EXERCISE DETAILS.
When you reach the line that contains "空気の流れを利用してダストケ", begin copying exactly, and continue through the last line of the data; no pictures belong in the copy.

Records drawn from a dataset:
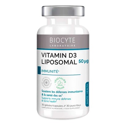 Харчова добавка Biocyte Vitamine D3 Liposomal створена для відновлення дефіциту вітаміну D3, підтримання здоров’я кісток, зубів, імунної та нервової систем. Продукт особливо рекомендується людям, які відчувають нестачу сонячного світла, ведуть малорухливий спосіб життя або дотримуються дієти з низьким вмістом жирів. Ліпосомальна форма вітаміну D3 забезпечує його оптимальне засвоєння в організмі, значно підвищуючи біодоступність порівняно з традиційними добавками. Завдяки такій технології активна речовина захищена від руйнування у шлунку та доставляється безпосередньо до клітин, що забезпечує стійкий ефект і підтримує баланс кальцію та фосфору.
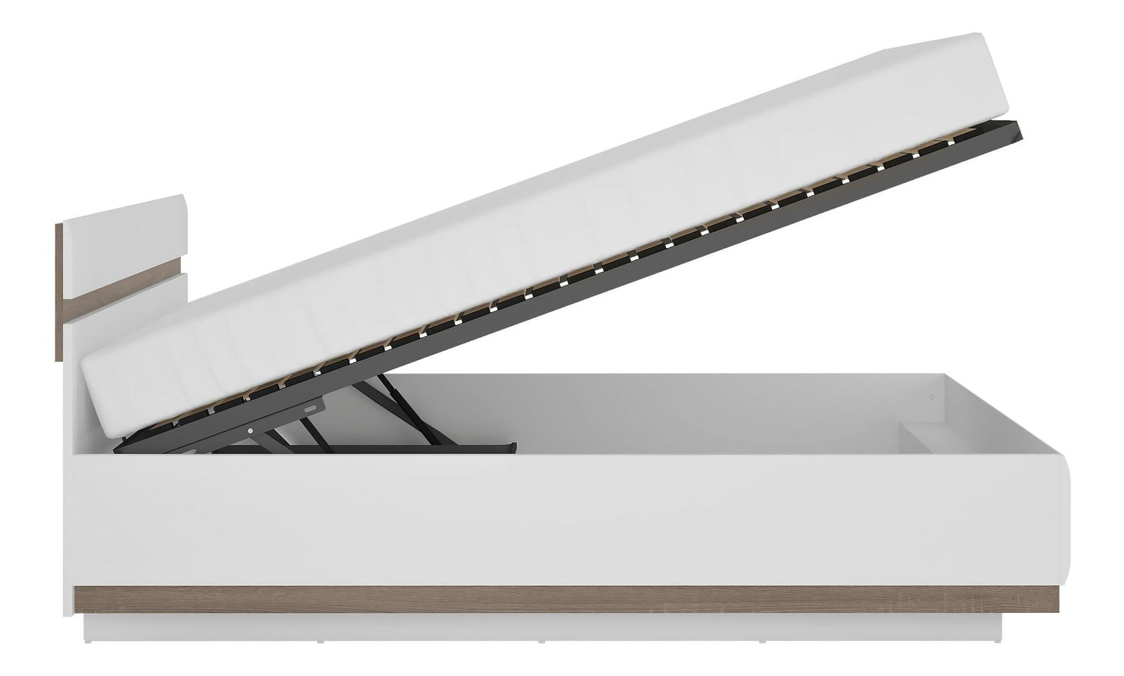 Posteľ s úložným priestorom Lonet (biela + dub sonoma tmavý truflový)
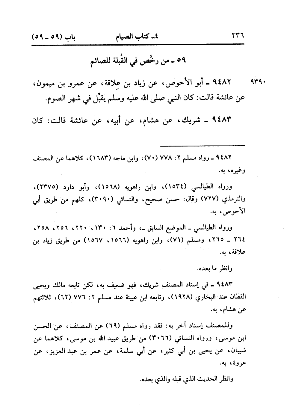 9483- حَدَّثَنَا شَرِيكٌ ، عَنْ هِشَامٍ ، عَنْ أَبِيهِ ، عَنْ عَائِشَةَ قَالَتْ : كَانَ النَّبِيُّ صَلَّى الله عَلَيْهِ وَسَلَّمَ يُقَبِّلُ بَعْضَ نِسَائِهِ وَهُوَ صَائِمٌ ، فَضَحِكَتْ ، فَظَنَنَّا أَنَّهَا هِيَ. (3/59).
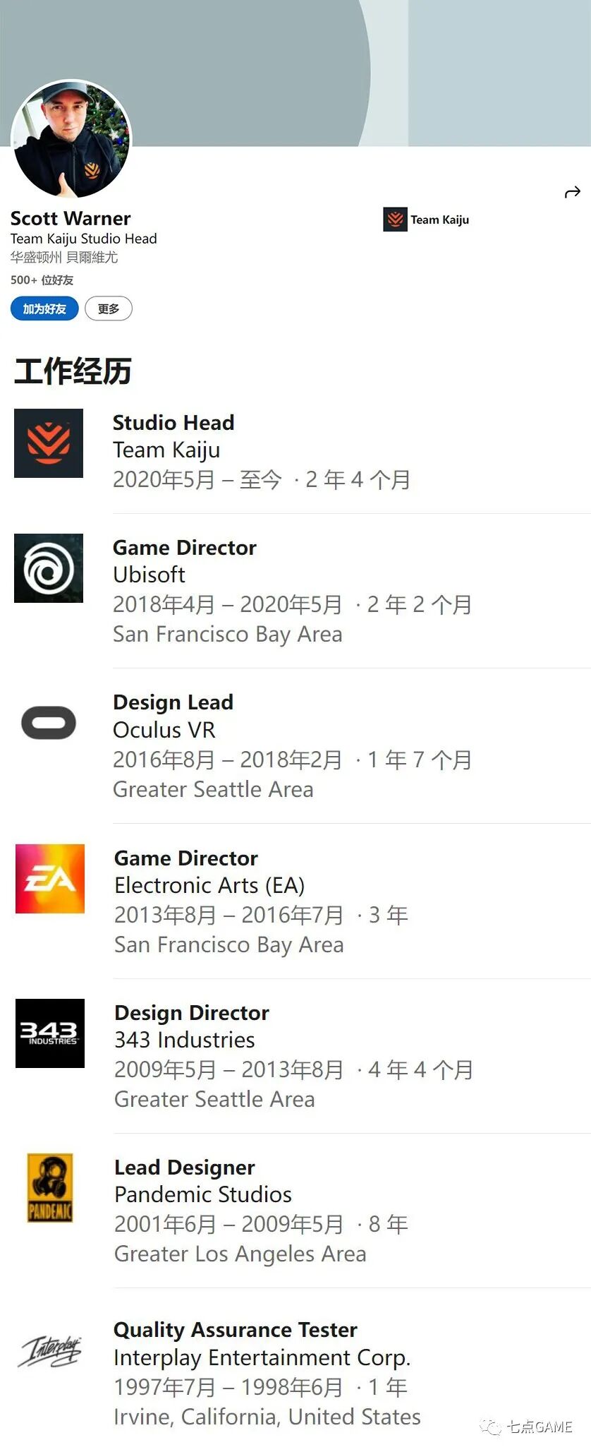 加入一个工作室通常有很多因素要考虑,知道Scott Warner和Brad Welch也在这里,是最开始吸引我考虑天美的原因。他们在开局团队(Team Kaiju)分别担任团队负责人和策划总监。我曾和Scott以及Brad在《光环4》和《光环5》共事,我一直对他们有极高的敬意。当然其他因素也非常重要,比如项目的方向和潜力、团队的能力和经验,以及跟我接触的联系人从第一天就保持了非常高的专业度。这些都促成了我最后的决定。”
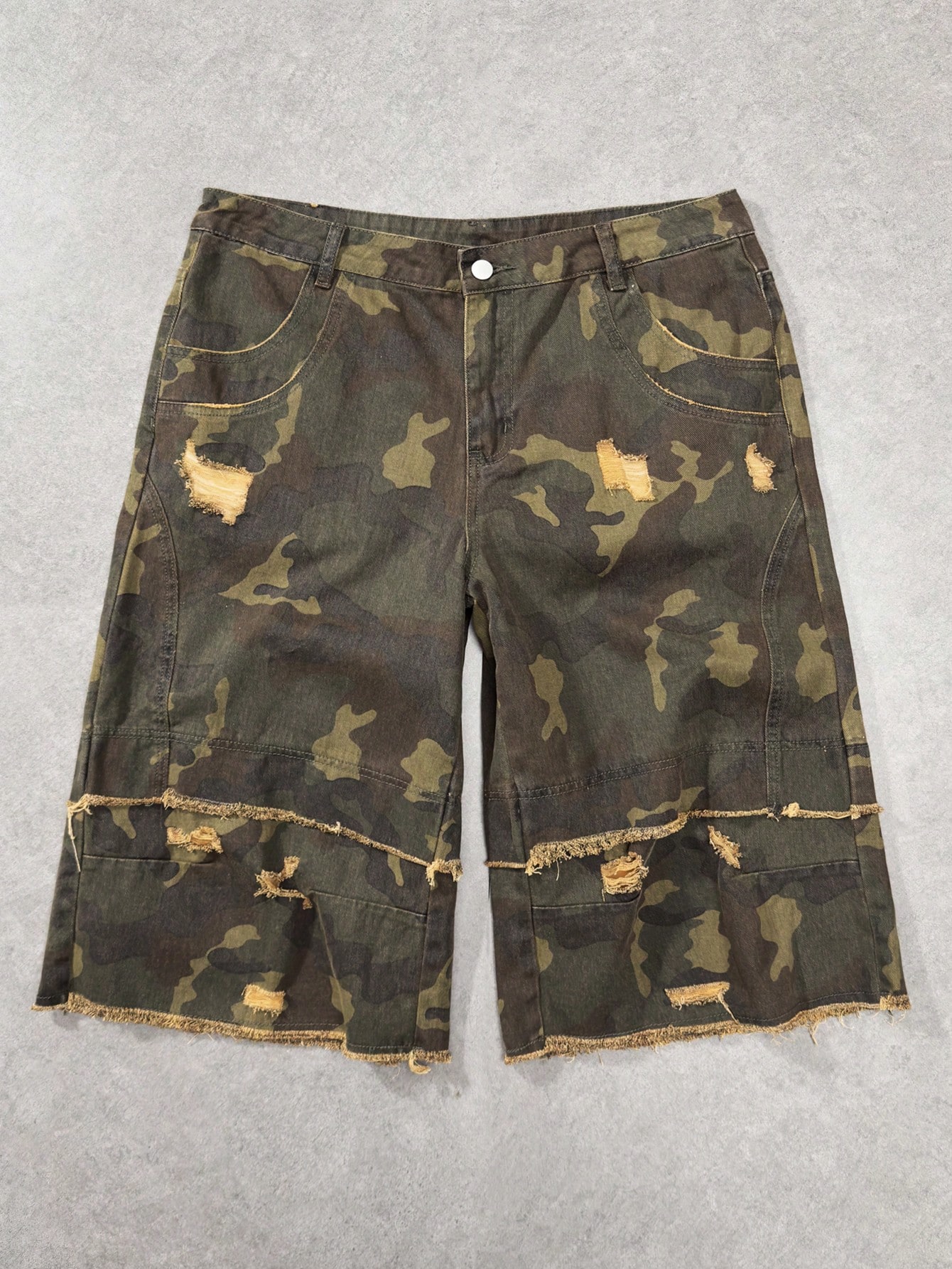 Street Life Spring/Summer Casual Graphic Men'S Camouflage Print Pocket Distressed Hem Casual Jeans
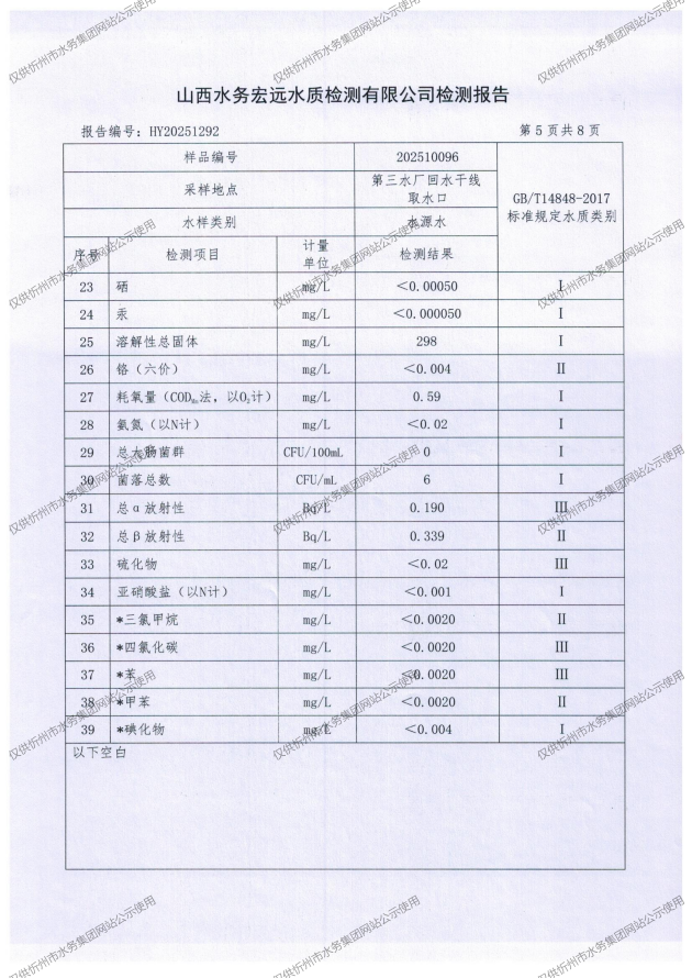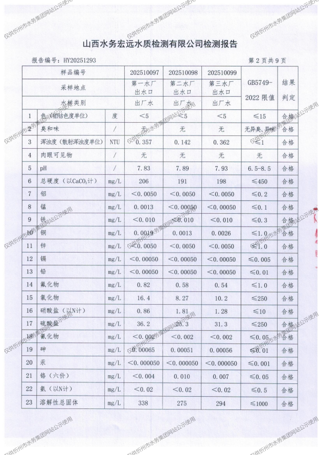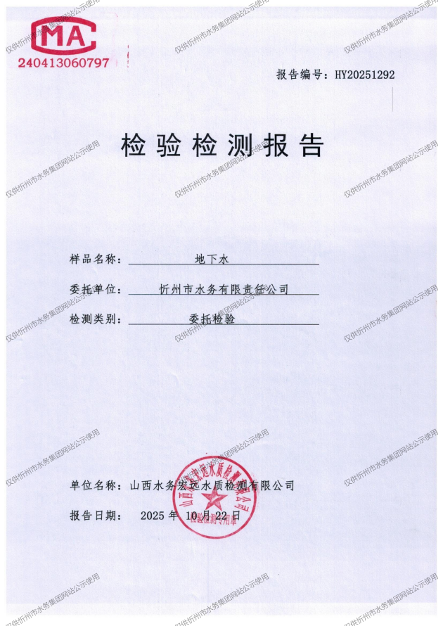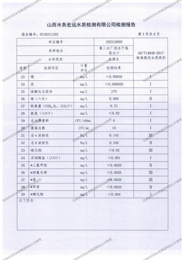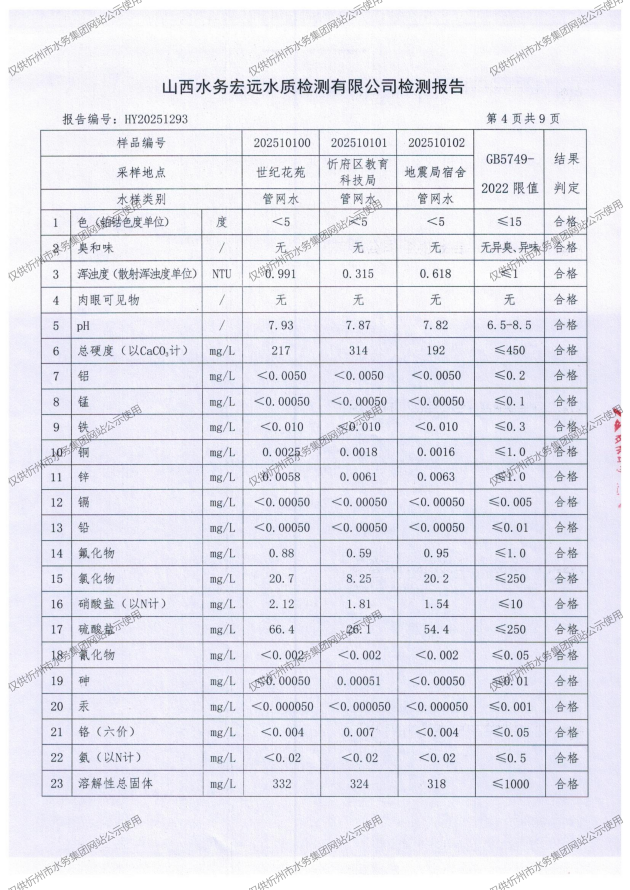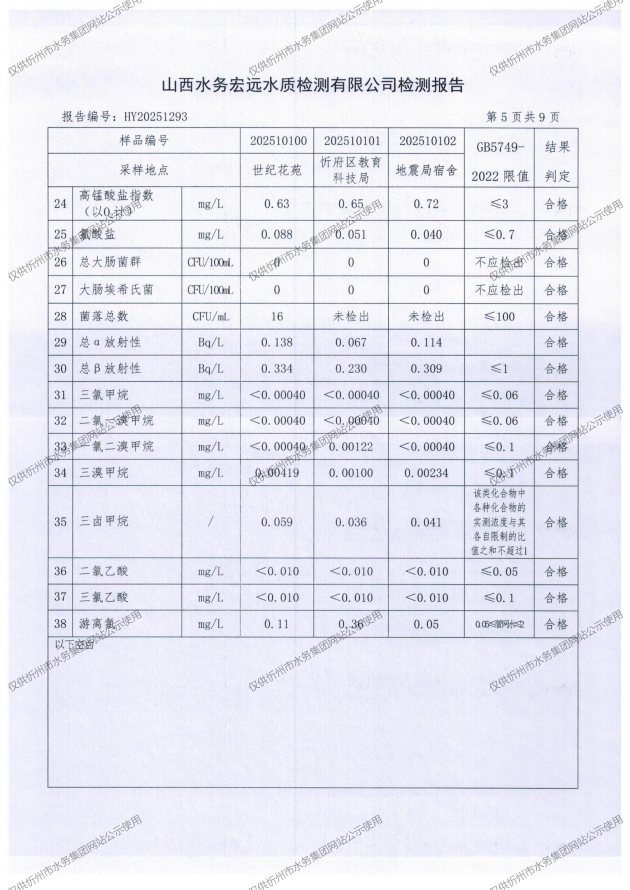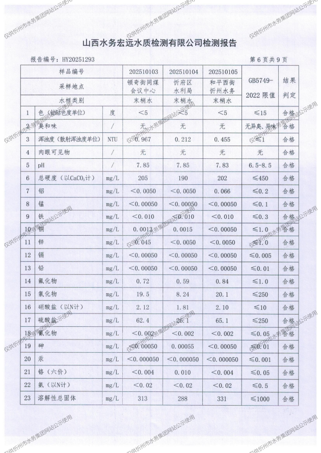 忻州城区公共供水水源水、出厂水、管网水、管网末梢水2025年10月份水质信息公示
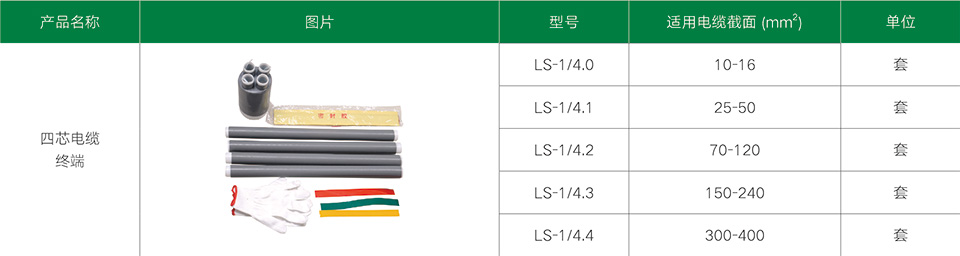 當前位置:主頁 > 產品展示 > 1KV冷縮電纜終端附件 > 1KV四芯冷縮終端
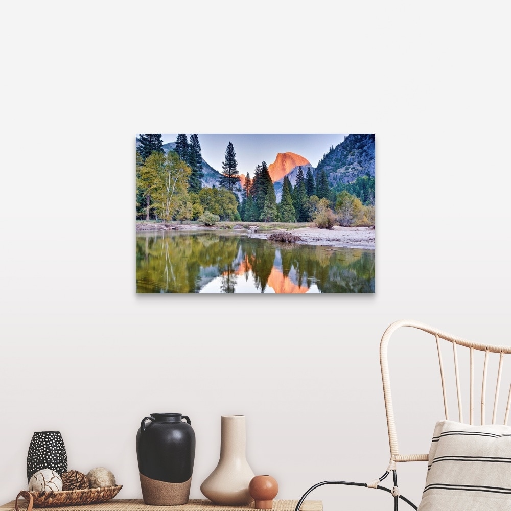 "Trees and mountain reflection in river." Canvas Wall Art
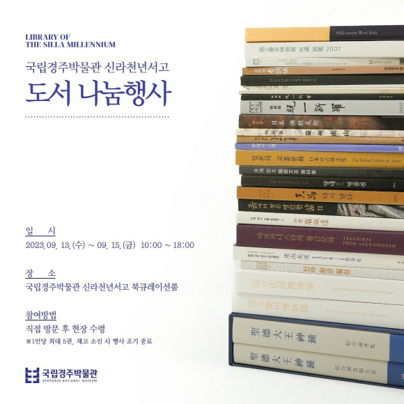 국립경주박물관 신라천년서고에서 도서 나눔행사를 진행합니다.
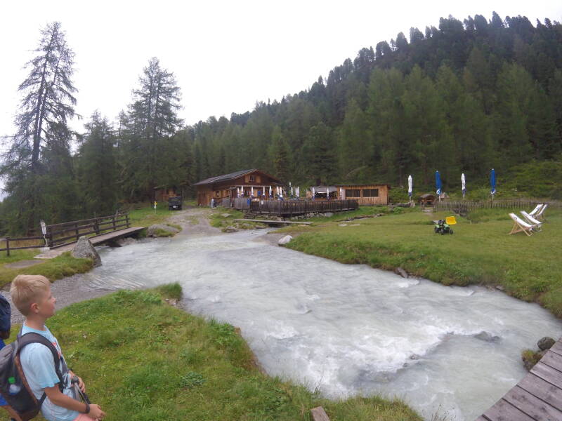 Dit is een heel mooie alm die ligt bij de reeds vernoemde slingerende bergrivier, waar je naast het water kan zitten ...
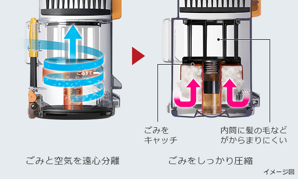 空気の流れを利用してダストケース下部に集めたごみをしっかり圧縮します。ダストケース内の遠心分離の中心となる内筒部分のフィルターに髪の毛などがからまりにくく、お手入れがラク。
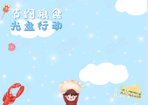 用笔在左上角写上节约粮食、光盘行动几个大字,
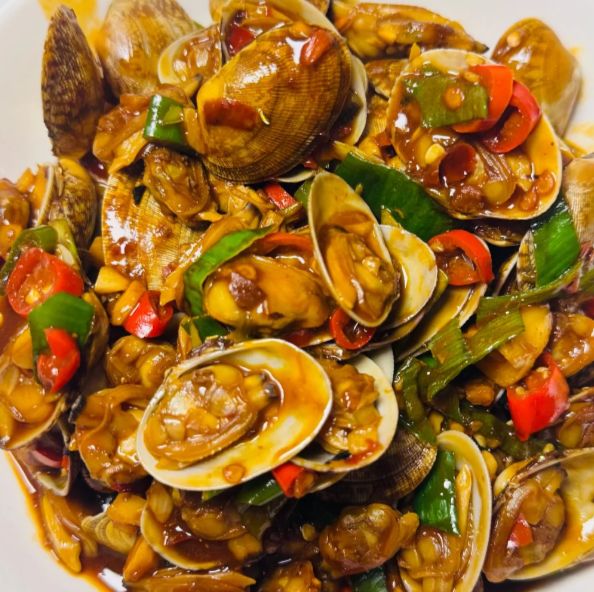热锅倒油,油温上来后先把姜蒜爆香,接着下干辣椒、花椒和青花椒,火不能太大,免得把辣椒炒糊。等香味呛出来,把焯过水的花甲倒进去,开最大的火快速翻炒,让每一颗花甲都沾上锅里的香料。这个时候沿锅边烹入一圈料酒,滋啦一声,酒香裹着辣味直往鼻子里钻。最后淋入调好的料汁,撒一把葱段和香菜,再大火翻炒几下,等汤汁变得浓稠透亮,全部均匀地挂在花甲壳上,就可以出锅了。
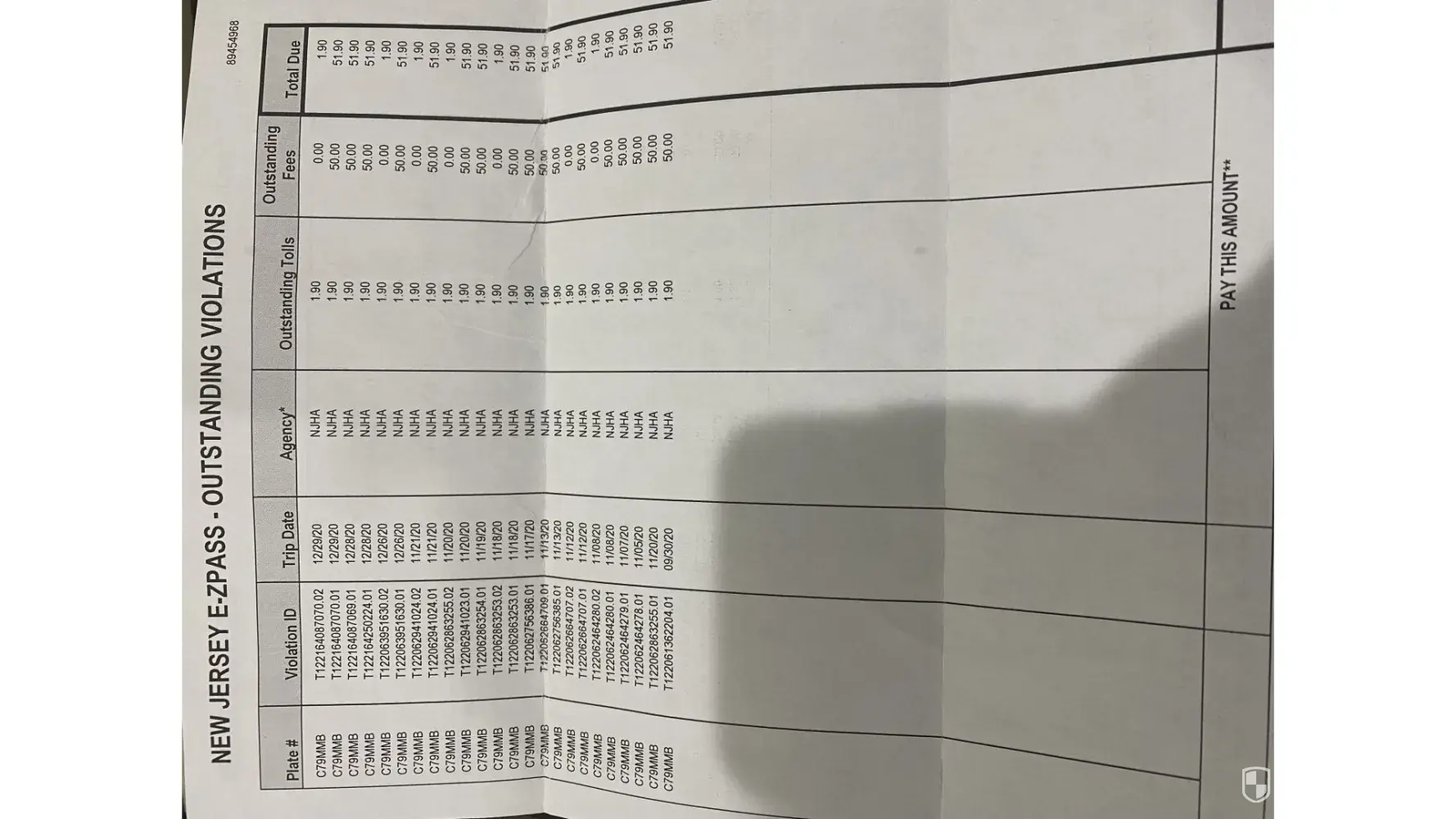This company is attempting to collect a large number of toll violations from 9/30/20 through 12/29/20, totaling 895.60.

EXERCISE ANSWER.
 空気の流れを利用してダストケース下部に集めたごみをしっかり圧縮します。ダストケース内の遠心分離の中心となる内筒部分のフィルターに髪の毛などがからまりにくく、お手入れがラク。
 用笔在左上角写上节约粮食、光盘行动几个大字,
热锅倒油,油温上来后先把姜蒜爆香,接着下干辣椒、花椒和青花椒,火不能太大,免得把辣椒炒糊。等香味呛出来,把焯过水的花甲倒进去,开最大的火快速翻炒,让每一颗花甲都沾上锅里的香料。这个时候沿锅边烹入一圈料酒,滋啦一声,酒香裹着辣味直往鼻子里钻。最后淋入调好的料汁,撒一把葱段和香菜,再大火翻炒几下,等汤汁变得浓稠透亮,全部均匀地挂在花甲壳上,就可以出锅了。
This company is attempting to collect a large number of toll violations from 9/30/20 through 12/29/20, totaling 895.60.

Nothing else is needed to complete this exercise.